Not all accumulators are available in $project stage. We need to consider what we can do in project with respect to accumulators and what we can do in group. Let's take a look at this:
db.companies.aggregate([{
$match: {
funding_rounds: {
$ne: []
}
}
}, {
$unwind: "$funding_rounds"
}, {
$sort: {
"funding_rounds.funded_year": 1,
"funding_rounds.funded_month": 1,
"funding_rounds.funded_day": 1
}
}, {
$group: {
_id: {
company: "$name"
},
funding: {
$push: {
amount: "$funding_rounds.raised_amount",
year: "$funding_rounds.funded_year"
}
}
}
}, ]).pretty()
Where we're checking if any of the funding_rounds is not empty. Then it's unwind-ed to $sort and to later stages. We'll see one document for each element of the funding_rounds array for every company. So, the first thing we're going to do here is to $sort based on:
funding_rounds.funded_year
funding_rounds.funded_month
funding_rounds.funded_day
In the group stage by company name, the array is getting built using $push. $push is supposed to be part of a document specified as the value for a field we name in a group stage. We can push on any valid expression. In this case, we're pushing on documents to this array and for every document that we push it's being added to the end of the array that we're accumulating. In this case, we're pushing on documents that are built from the raised_amount and funded_year. So, the $group stage is a stream of documents that have an _id where we're specifying the company name.

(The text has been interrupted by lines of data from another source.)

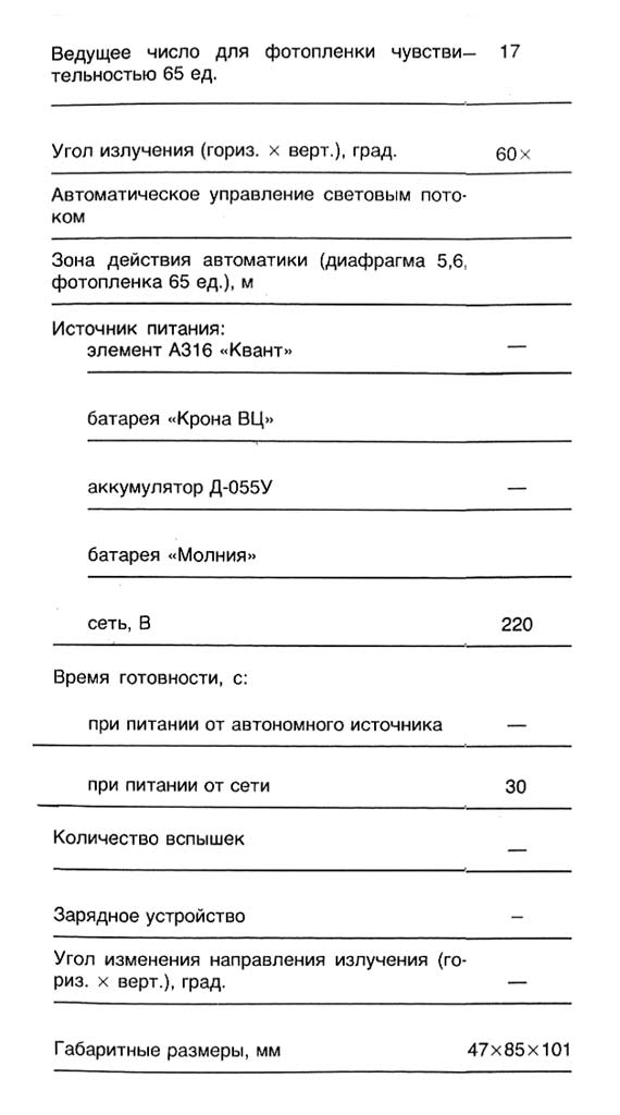 Номинальная энергия 36 Дж. Ведущее число для плёнки 65 ед. - 17. Угол рассеивания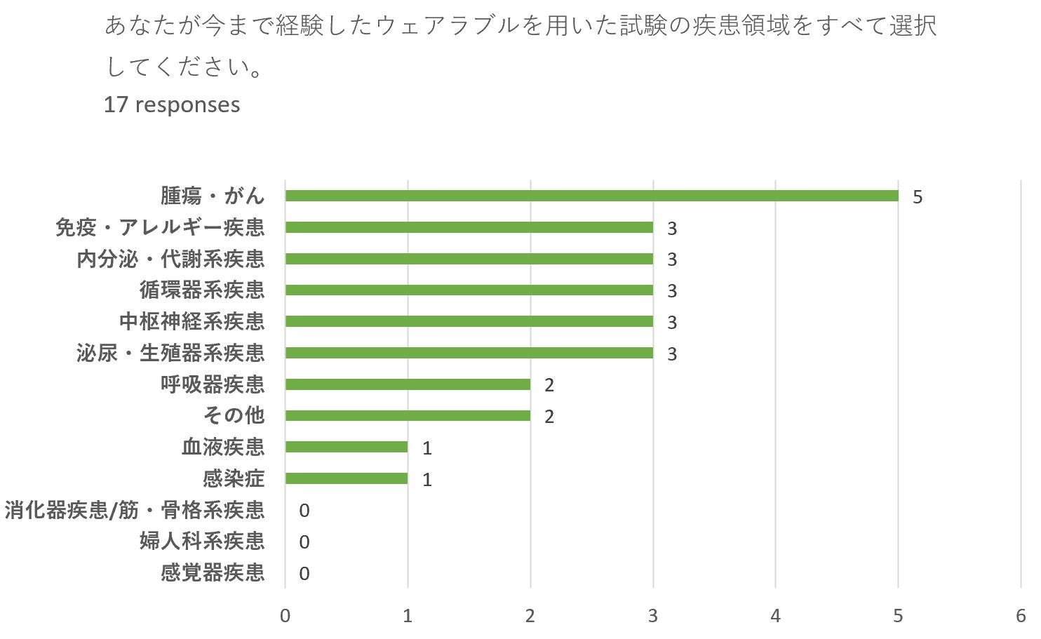 最後に、ウェアラブルデバイスの試験についても触れたいと思います。Medidataグローバル規模ではウェアラブルを用いた試験の実績が増えており、日本国内でもお問い合わせは増加傾向にあるものの、実際に適用された試験が少ないのが現状です。しかし、アンケートの結果では、約4分の1の16名の方が実際に経験していると回答しており、適用疾患領域も多岐にわたっており、興味深い結果となりました。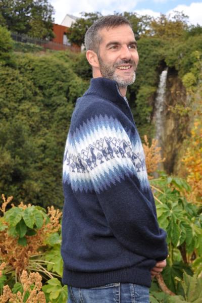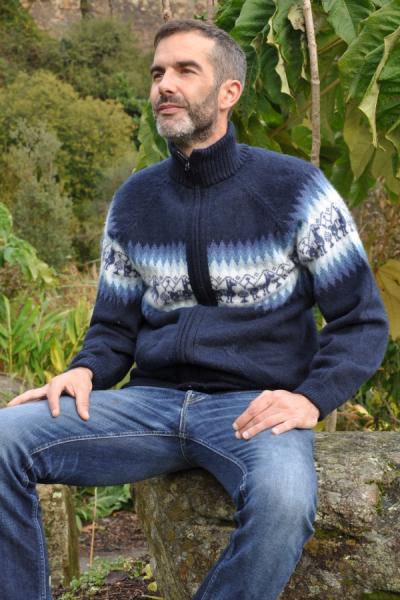 Magnifique cardigan avec motifs typiques des Andes, lamas et montagnes, couleur sobre, cette veste est épaisse chaude, douce et soyeuse.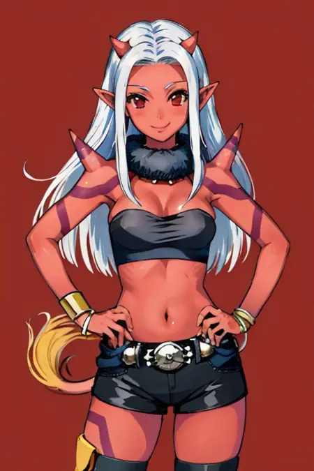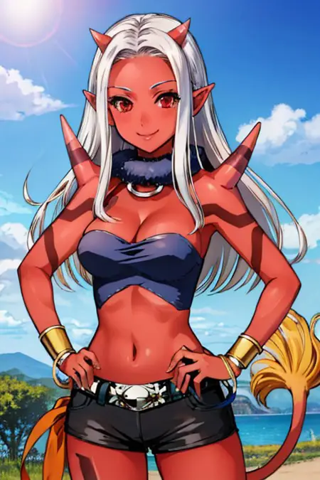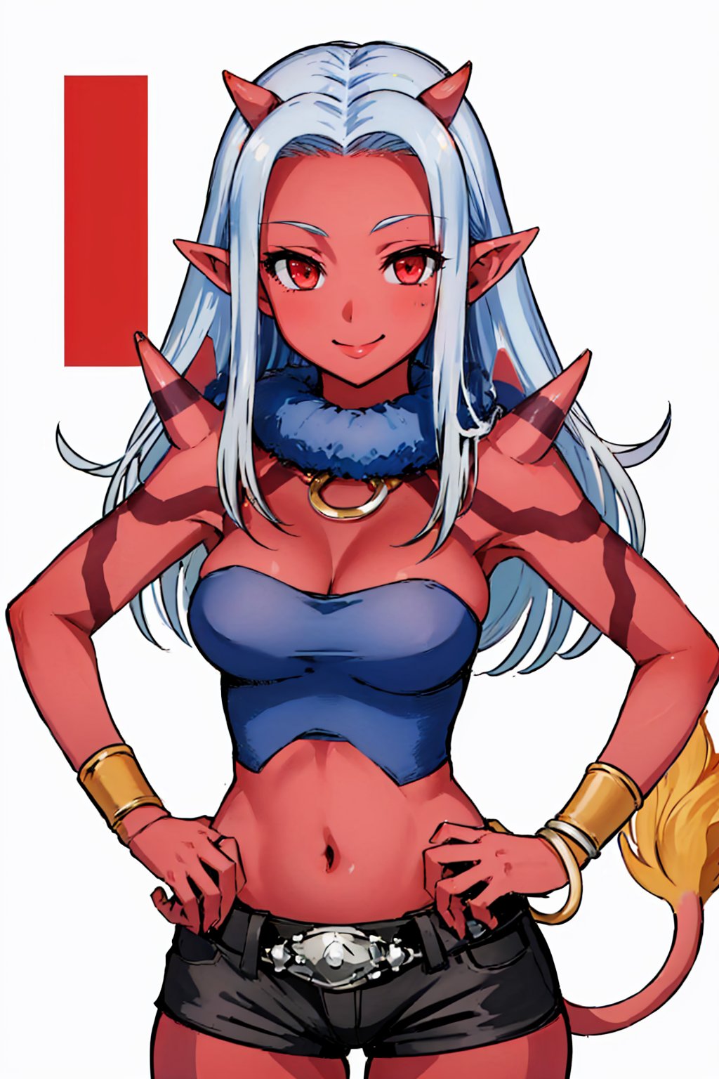트리거 + 외모: dq10ogre, 색상이 있는 피부, 빨간 피부, 보석, 돌기, 꼬리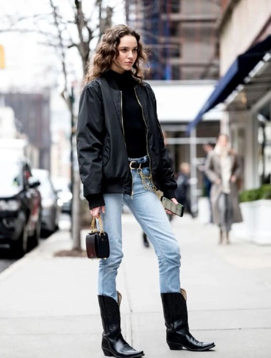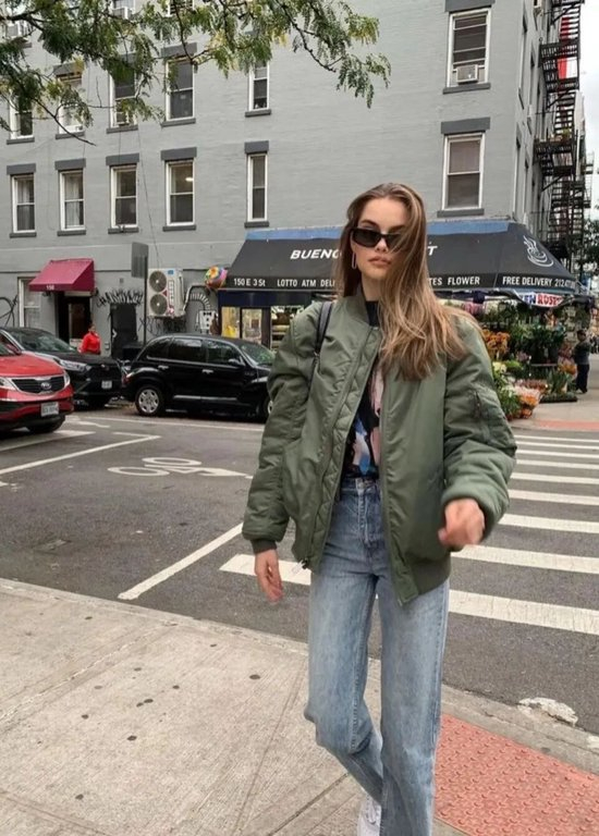 最经典的柔与刚平衡,是宽松飞行夹克配上紧身打底与高腰牛仔裤,营造上宽下窄的比例。如果想要更具女性气质,不妨将飞行夹克与连衣裙结合,让丝绸、雪纺等轻盈材质与尼龙外套进行碰撞。

Notice that $push is available in $group stages but not in $project stage. This is because $group stages are designed to take a sequence of documents and accumulate values based on that stream of documents.
$project on the other hand, works with one document at a time. So, we can calculate an average on an array within an individual document inside a project stage. But doing something like this where one at a time, we're seeing documents and for every document, it passes through the group stage pushing on a new value, well that's something that the $project stage is just not designed to do. For that type of operation we want to use $group.
Let's take a look at another example:
db.companies.aggregate([{
$match: {
funding_rounds: {
$exists: true,
$ne: []
}
}
}, {
$unwind: "$funding_rounds"
}, {
$sort: {
"funding_rounds.funded_year": 1,
"funding_rounds.funded_month": 1,
"funding_rounds.funded_day": 1
}
}, {
$group: {
_id: {
company: "$name"
},
first_round: {
$first: "$funding_rounds"
},
last_round: {
$last: "$funding_rounds"
},
num_rounds: {
$sum: 1
},
total_raised: {
$sum: "$funding_rounds.raised_amount"
}
}
}, {
$project: {
_id: 0,
company: "$_id.company",
first_round: {
amount: "$first_round.raised_amount",
article: "$first_round.source_url",
year: "$first_round.funded_year"
},
last_round: {
amount: "$last_round.raised_amount",
article: "$last_round.source_url",
year: "$last_round.funded_year"
},
num_rounds: 1,
total_raised: 1,
}
}, {
$sort: {
total_raised: -1
}
}]).pretty()
In the $group stage, we're using $first and $last accumulators. Right, again we can see that as with $push - we can't use $first and $last in project stages. Because again, project stages are not designed to accumulate values based on multiple documents. Rather they're designed to reshape documents one at a time. Total number of rounds is calculated using the $sum operator. The value 1 simply counts the number of documents passed through that group together with each document that matches or is grouped under a given _id value. The project may seem complex, but it's just making the output pretty. It's just that it's including num_rounds and total_raised from the previous document.